Open rmoyard opened this issue 2 years ago • 4 comments

Context: Some gradients/jacobians do not compile because the insertion point in the lowering is not correctly set.

Description of the Change: The insertion is the call op and not the body of the function.

Benefits: We can compile and run more derivatives of vmap and for loop.

Drawback It compiles gradient acting on vmap but returns wrong results, see xfailed test.

[sc-59758]

rmoyard avatar Oct 25 '23 01:10 rmoyard

Hello. You may have forgotten to update the changelog! Please edit doc/changelog.md on your branch with:

  • A one-to-two sentence description of the change. You may include a small working example for new features.
  • A link back to this PR.
  • Your name (or GitHub username) in the contributors section.

github-actions[bot] avatar Mar 19 '24 14:03 github-actions[bot]

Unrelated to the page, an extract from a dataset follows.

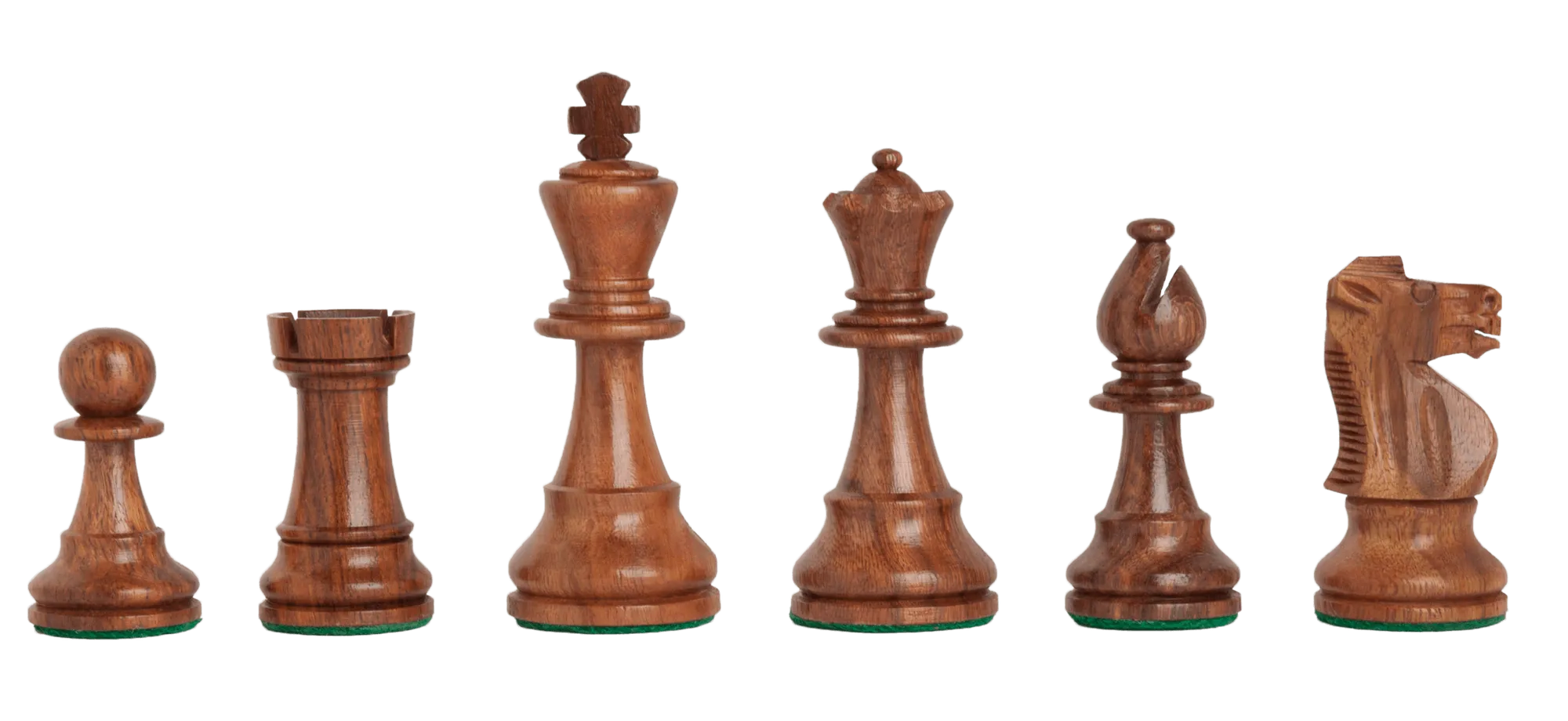 The House of Staunton is proud to offer the French Lardy Series Chess set. A full tournament-sized Chess set, it features a 3.75" King with a 1.5" diameter base. The Chess pieces are hand carved by our master artisans and crafted out of the highest grade woods. The Chess pieces are heavily weighted with luxurious billiard cloth base pads and a beautiful finish.

Testing this fix on the following example results in very long (infinite?) compile or runtime:

import pennylane as qml
import jax
from jax import numpy as jnp
import catalyst

n_wires = 5
data = jnp.sin(jnp.mgrid[-2:2:0.2].reshape(n_wires, -1)) ** 3
targets = jnp.array([-0.2, 0.4, 0.35, 0.2])

dev_name = "lightning.qubit"
dev = qml.device(dev_name, wires=n_wires)

@qml.qnode(dev)
def circuit(data, weights):
    """Quantum circuit ansatz"""

    for i in range(n_wires):
        qml.RY(data[i], wires=i)

    for i in range(n_wires):
        qml.RX(weights[i, 0], wires=i)
        qml.RY(weights[i, 1], wires=i)
        qml.RX(weights[i, 2], wires=i)
        qml.CNOT(wires=[i, (i + 1) % n_wires])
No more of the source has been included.